We will need a way to convert your standard lambda parameter into the alpha parameter needed for RidgeCV Difference between sklearn and glmnet ridge

# Convert lambda value to alpha needed for ridge CV
def lambda_to_alpha(lambda_value, samples):
    return (lambda_value * samples) / 2.0

# Convert RidgeCV alpha back into a lambda value
def alpha_to_lambda(alpha_value, samples):
    return (alpha_value * 2.0) / samples

Finally we need a method to take our training data and fit our model to it:

def calculate_rapm(train_x, train_y, possessions, lambdas, name, players):
    # convert our lambdas to alphas
    alphas = [lambda_to_alpha(l, train_x.shape[0]) for l in lambdas]

    # create a 5 fold CV ridgeCV model. Our target data is not centered at 0, so we want to fit to an intercept.
    clf = RidgeCV(alphas=alphas, cv=5, fit_intercept=True, normalize=False)

    # fit our training data
    model = clf.fit(train_x, train_y, sample_weight=possessions)

    # convert our list of players into a mx1 matrix
    player_arr = np.transpose(np.array(players).reshape(1, len(players)))

    # extract our coefficients into the offensive and defensive parts
    coef_offensive_array = np.transpose(model.coef_[:, 0:len(players)])
    coef_defensive_array = np.transpose(model.coef_[:, len(players):])
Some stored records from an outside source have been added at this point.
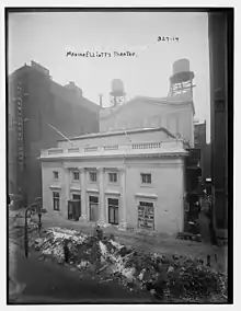 Plans for a 19-floor building occupying the plots at 107-113 West 39th Street and 104-106 West 40th Street were announced in January 1960 by the Cardiff Corporation.[12] At the time, the site was occupied by five structures, including the neoclassical-style Maxine Elliott's Theatre.[11] These plots were acquired in May 1960, and Emery Roth & Sons were designated as the building's architects. At the time, the building was to be completed in late 1961.[13] However, in late December 1960, Springs Mills bought the plot, which resulted in a delay in construction.[11] In February 1961, Springs Mills bought an additional plot of land at 102 West 40th Street.[14] With Harrison & Abramovitz selected as the architects,[11] the updated plans were filed with the New York City Department of Buildings by June.[14] Excavations had started by the time the revised plan for the Springs Mills Tower was announced to the public that November.[15]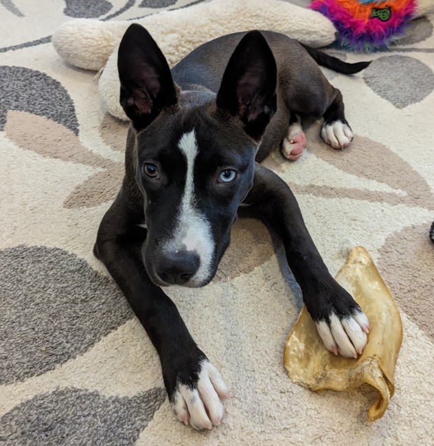 Nanna the Huskey mix is the most boisterous member of the family. We adopted her in December 2022. This energetic not-quite-a-puppy is curious of the world and loves to play. She loves chasing anything that moves: squirrels, balls, Freyja. If she had her way, she would spend the whole day outside.
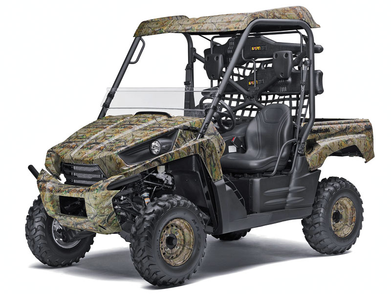 Die Camouflage-Version der Teryx 750 FI ,Camo’ wurde abgesehen von den Neuerungen bei ihren Schwestern zusätzlich mit einer dualen Gewehr-Halterung der Marke Kolpin ausgestattet und ist vom Scheitel bis zur Sohle in ,Realtree’-Camouflage-Optik gehalten.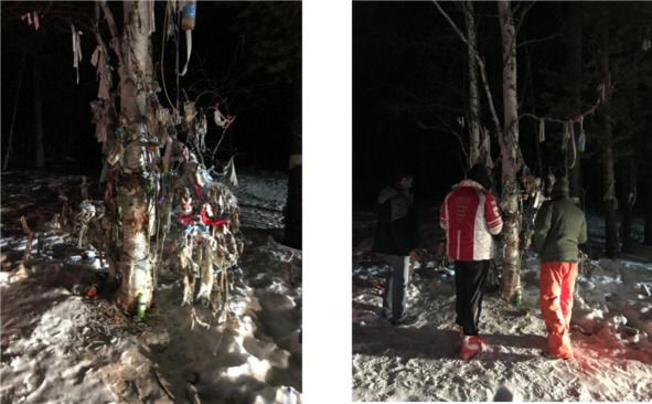 Фото. Жертвенная береза и участники путешествия в прошении о помощи в дороге.
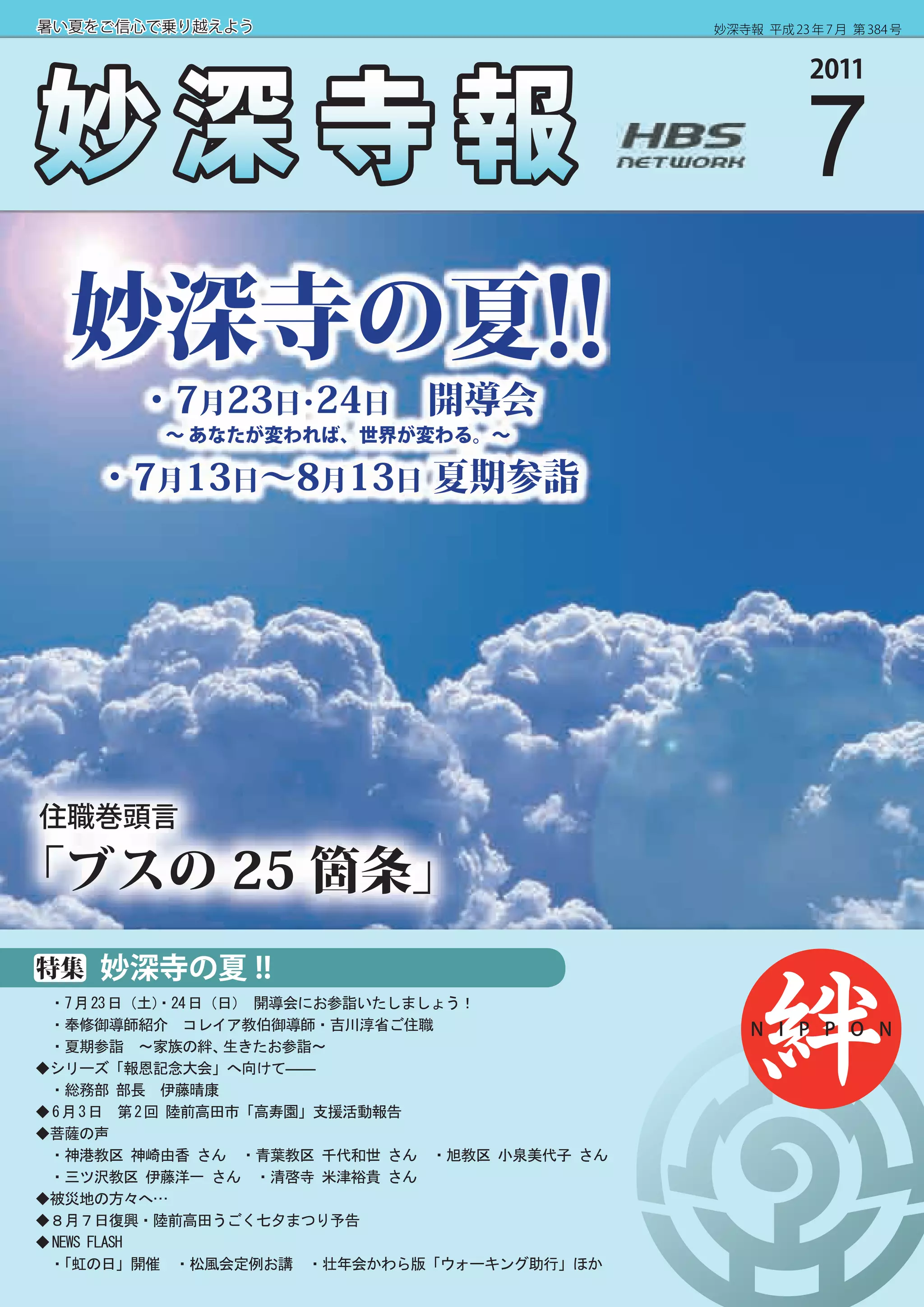 開導会にお参詣いたしましょう! ・奉修御導師紹介 コレイア教伯御導師・吉川淳省ご住職 ・夏期参詣 ~家族の絆、 生きたお参詣~ ◆シリーズ「報恩記念大会」へ向けて―― ・総務部 部長 伊藤晴康 ◆6月3日 第2回 陸前高田市「高寿園」支援活動報告 ◆菩薩の声 ・神港教区 神崎由香 さん ・青葉教区 千代和世 さん ・旭教区 小泉美代子 さん ・三ツ沢教区 伊藤洋一 さん ・清啓寺 米津裕貴 さん ◆被災地の方々へ… ◆8月7日復興・陸前高田うごく七夕まつり予告 ◆NEWS FLASH ・「虹の日」開催 ・松風会定例お講 ・壮年会かわら版「ウォーキング助行」ほか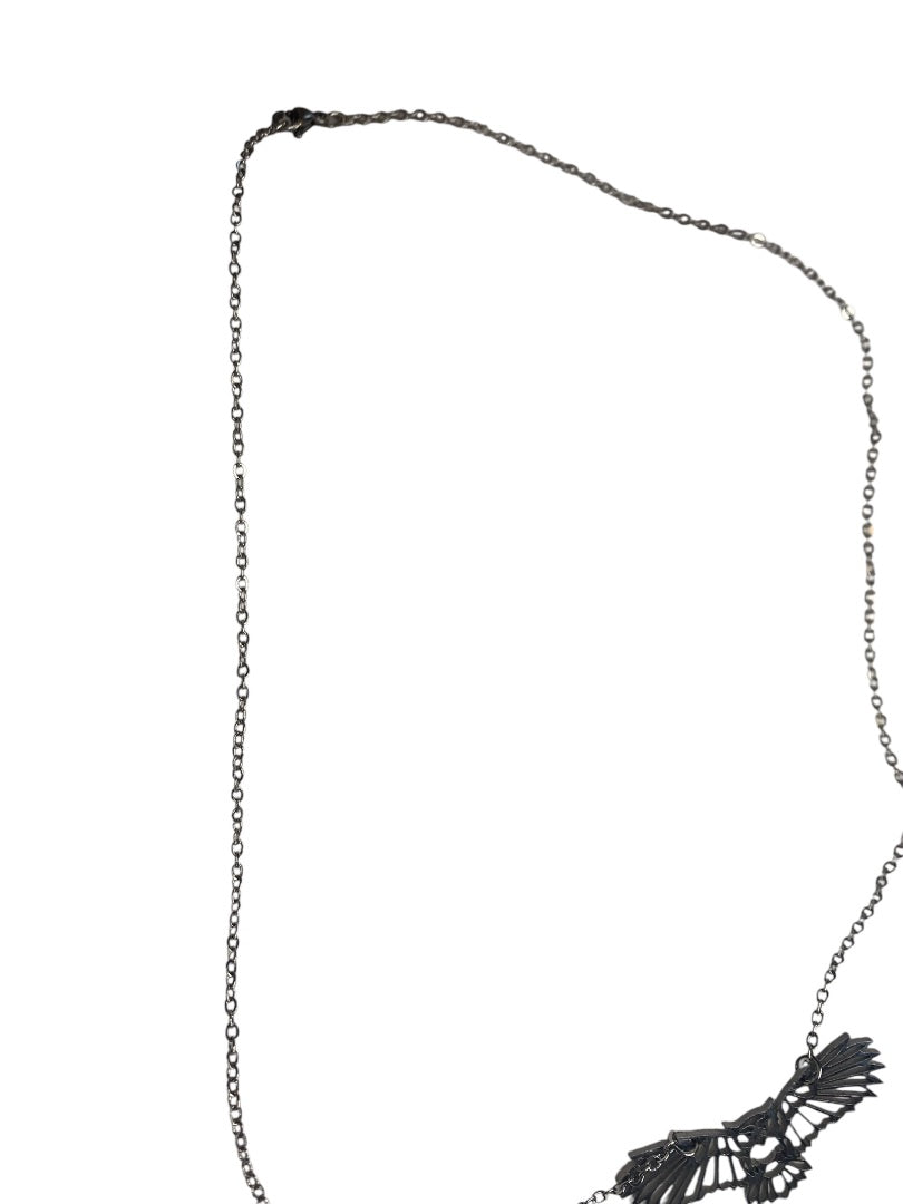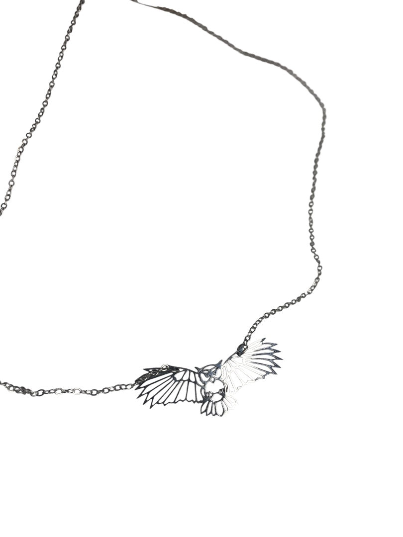 Silvertone Flying Owl Pendant Lasercut 18 Inch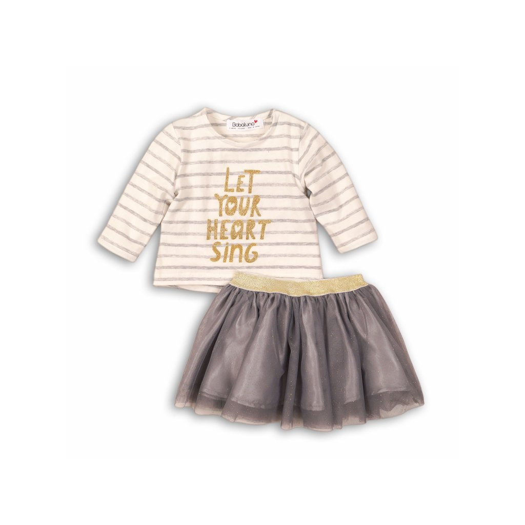 Dívčí souprava je v krémovém provedení. Souprava obsahuje tričko Pruhy a krásnou sukni. Materiál trika 100% bavlna, sukně je z polyesteru. Dětské oblečení je kvalitní značky Minoti.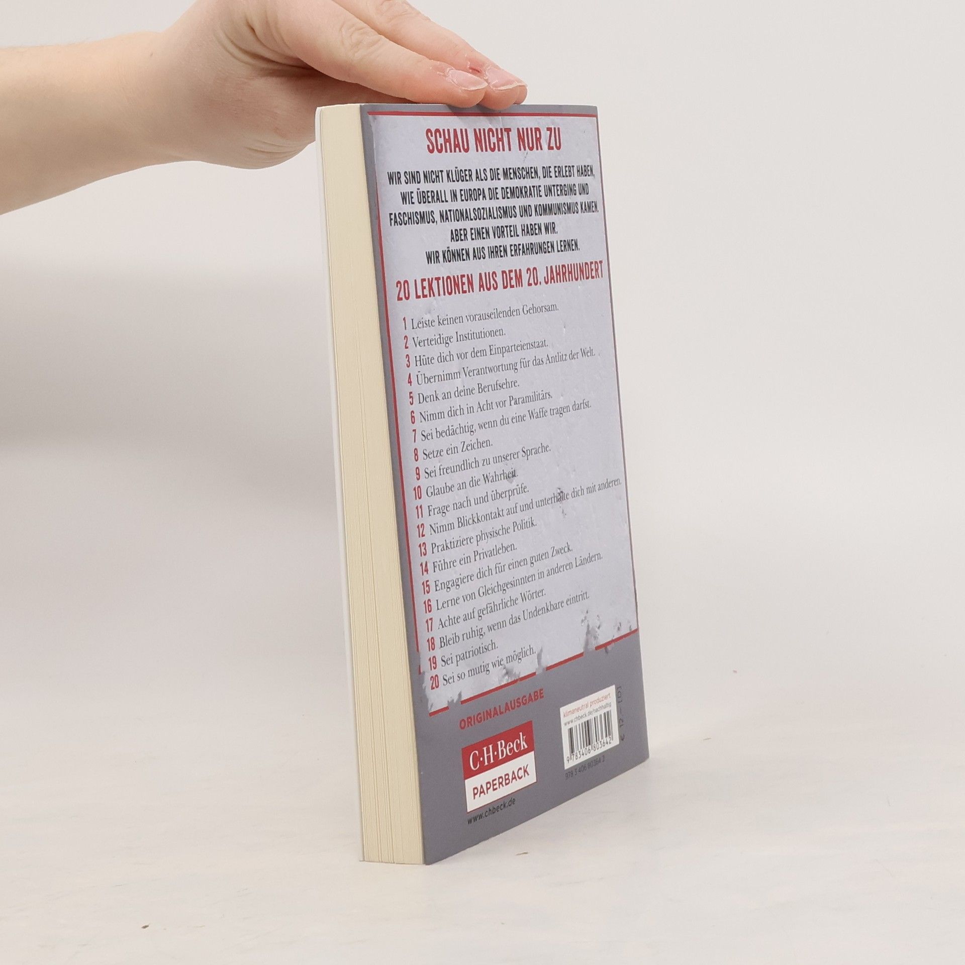 Wir sind nicht klüger als die Menschen, die erlebt haben, wie überall in Europa die Demokratie unterging und Faschismus, Nationalsozialismus und Kommunismus kamen. Aber einen Vorteil haben wir. Wir können aus ihren Erfahrungen lernen. "Leiste keinen vorauseilenden Gehorsam." So lautet die erste von 20 Lektionen für den Widerstand, mit denen Timothy Snyder die Bürger der Vereinigten Staaten von Amerika vorbereitet auf das, was gestern noch unvorstellbar zu sein schien: einen Präsidenten, der das Gesicht der Demokratie verstümmelt und eine rechtsradikale Tyrannei errichtet. Doch nicht nur in den USA sind Populismus und autoritäres Führertum auf dem Vormarsch. Auch in Europa rückt die Gefahr von rechts immer näher - als ob es das 20. Jahrhundert und seine blutigen Lehren niemals gegeben hätte. Snyders historische Lektionen, die international Aufsehen erregt haben, sind ein Leitfaden für alle, die jetzt handeln wollen - und nicht erst, wenn es zu spät ist. Lektion 8: "Setze ein Zeichen." Dieses Buch tut es. Tun Sie es auch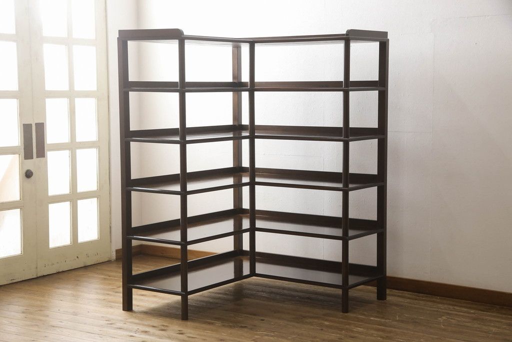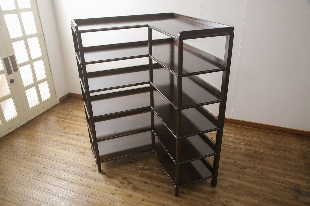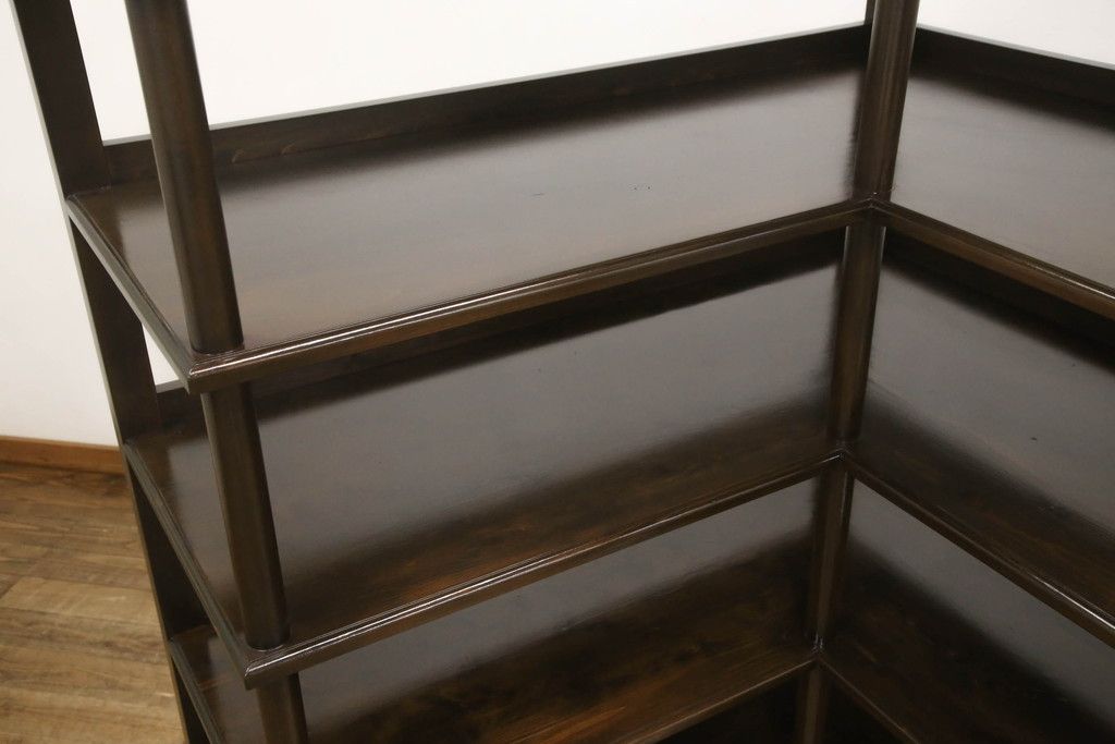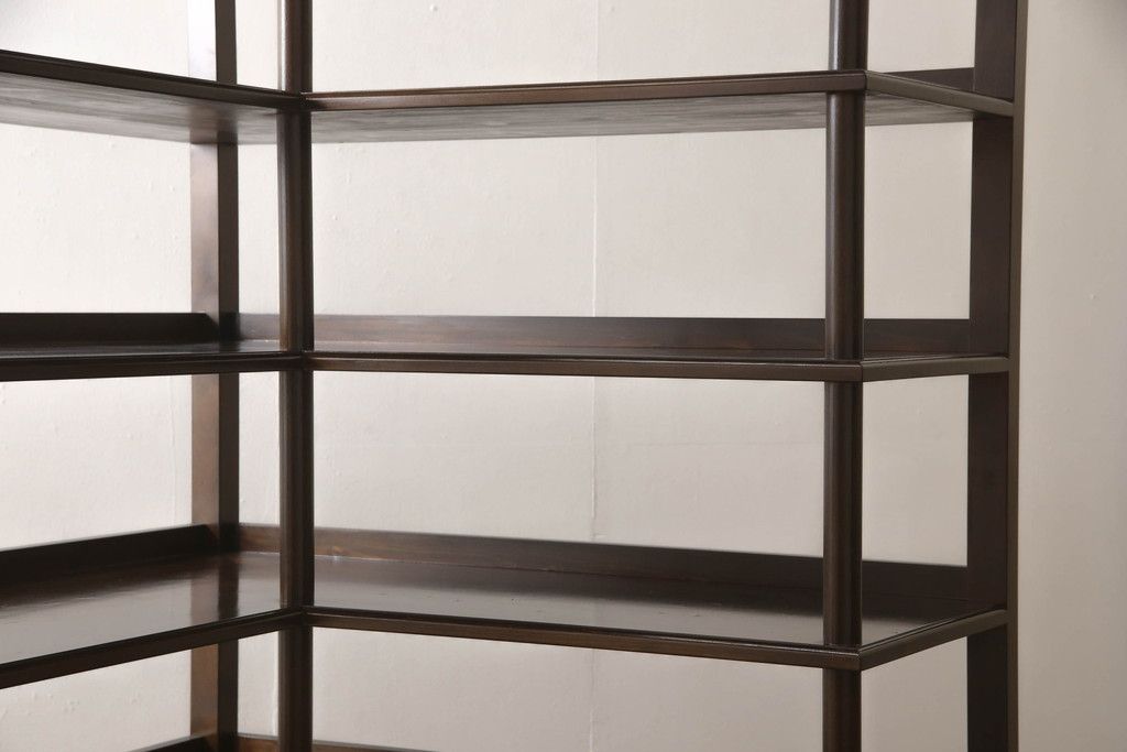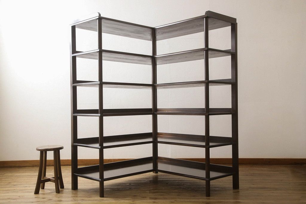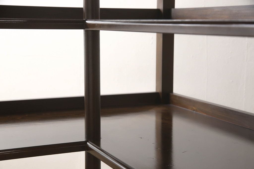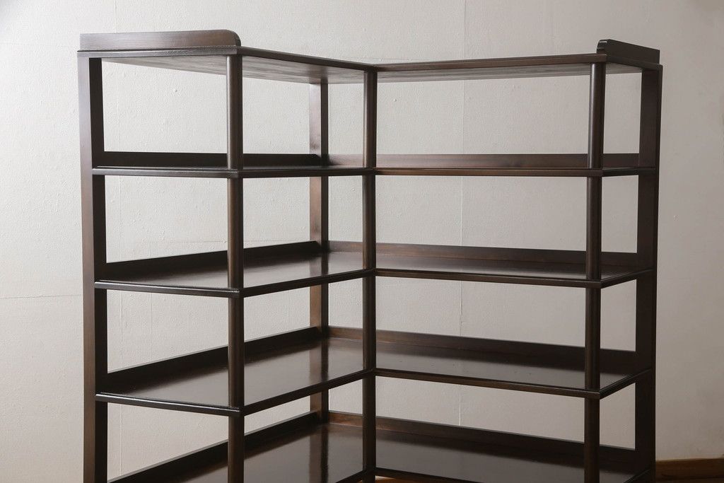 L字型収納棚を新規製作!ご希望の棚数とサイズで製作し、濃い茶色で着色仕上げ。(コーナーラック、飾り棚、オープンラック)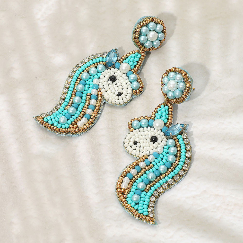 • Playful unicorn earrings featuring intricate beadwork, pearls, and sparkling accents in a whimsical design. Lightweight and bold, these statement earrings bring fun, color, and charm to festivals, parties, or casual looks.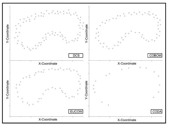 The experiment uses a kidney bean shape of an LFO as a concave one. The LFO is initiated with a width of 20 m and a height of 10 m at center (50, 50). Figure 5 illustrates detection results about the LFO. DCS selects BNs and reactive clusters of BNs are constructed. Integration of DCS is simple aggregation by heads of clusters, so the number of delivered data at a sink is large. In COBOM, one-hop clusters are established and heads of the clusters disseminate only one datum point to a sink. Namely, the number of clusters are larger than DCS, but the number of delivered data is smaller than that. EUCOW has the goal to reduce the number of BNs considering LFO’s diffusion direction. Accordingly, it decides only the approximate shape of the LFO with the smaller number of clusters than COBOM. In CODA, headers of proactive clusters gather location information of all sensor nodes which detect the continuous object; however, CODA is dependent on the convex hull algorithm so that it determines concave shapes into convex ones. Thus, CODA cannot detect reliably the concave objects. On the other hand, TG-COD chooses fine-grained grid cells as the boundary cells over coarse-grained grid cells. The drawing of LFO’s border by the boundary cells follows grid shapes although TG-COD has many advantages against LFO alteration and node density, so here this article does not compare it with others’ detection results via graphs.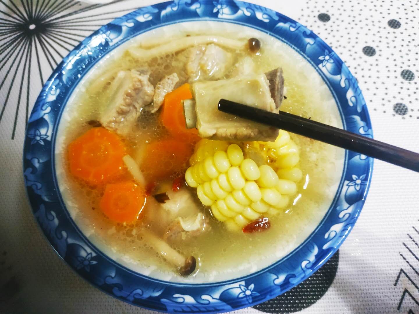 食材;猪小排450克,胡萝卜一根,玉米一根,海鲜菇适量,枸杞子适量,盐,姜葱,料酒适量。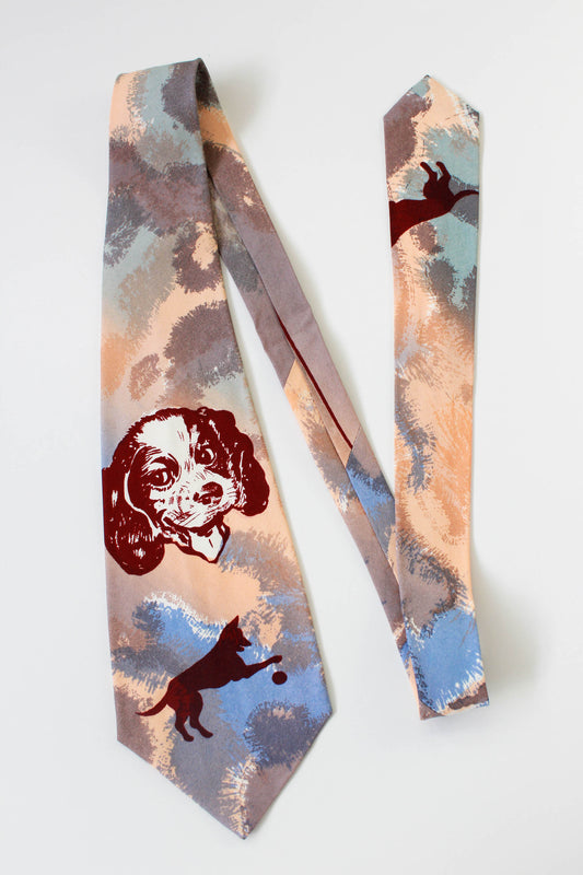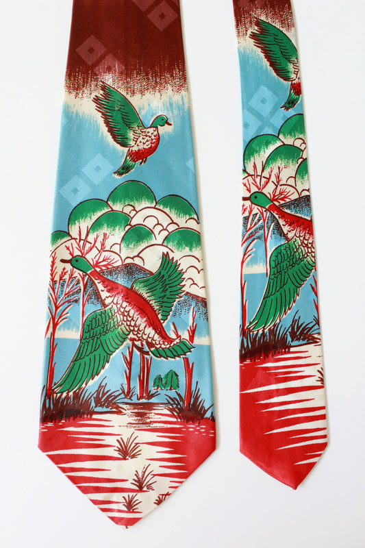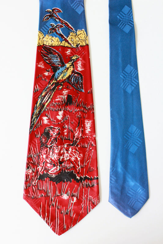Vintage 1940s Rayon Tie With Bird And Dog Design

    # concatenate the offensive and defensive values with the playey ids into a mx3 matrix
    player_id_with_coef = np.concatenate([player_arr, coef_offensive_array, coef_defensive_array], axis=1)
    # build a dataframe from our matrix
    players_coef = pd.DataFrame(player_id_with_coef)
    intercept = model.intercept_

    # apply new column names
    players_coef.columns = ['playerId', '{0}__Off'.format(name), '{0}__Def'.format(name)]

    # Add the offesnive and defensive components together (we should really be weighing this to the number of offensive and defensive possession played as they are often not equal).
    players_coef[name] = players_coef['{0}__Off'.format(name)] + players_coef['{0}__Def'.format(name)]

    # rank the values
    players_coef['{0}_Rank'.format(name)] = players_coef[name].rank(ascending=False)
    players_coef['{0}__Off_Rank'.format(name)] = players_coef['{0}__Off'.format(name)].rank(ascending=False)
    players_coef['{0}__Def_Rank'.format(name)] = players_coef['{0}__Def'.format(name)].rank(ascending=False)

    # add the intercept for reference
    players_coef['{0}__intercept'.format(name)] = intercept[0]

    return players_coef, intercept

generate a list of lambdas for cross validation

lambdas_rapm = [.01, .05, .1]

calculate RAPM

results, intercept = calculate_rapm(train_x, train_y, possessions_raw, lambdas_rapm, 'RAPM', player_list)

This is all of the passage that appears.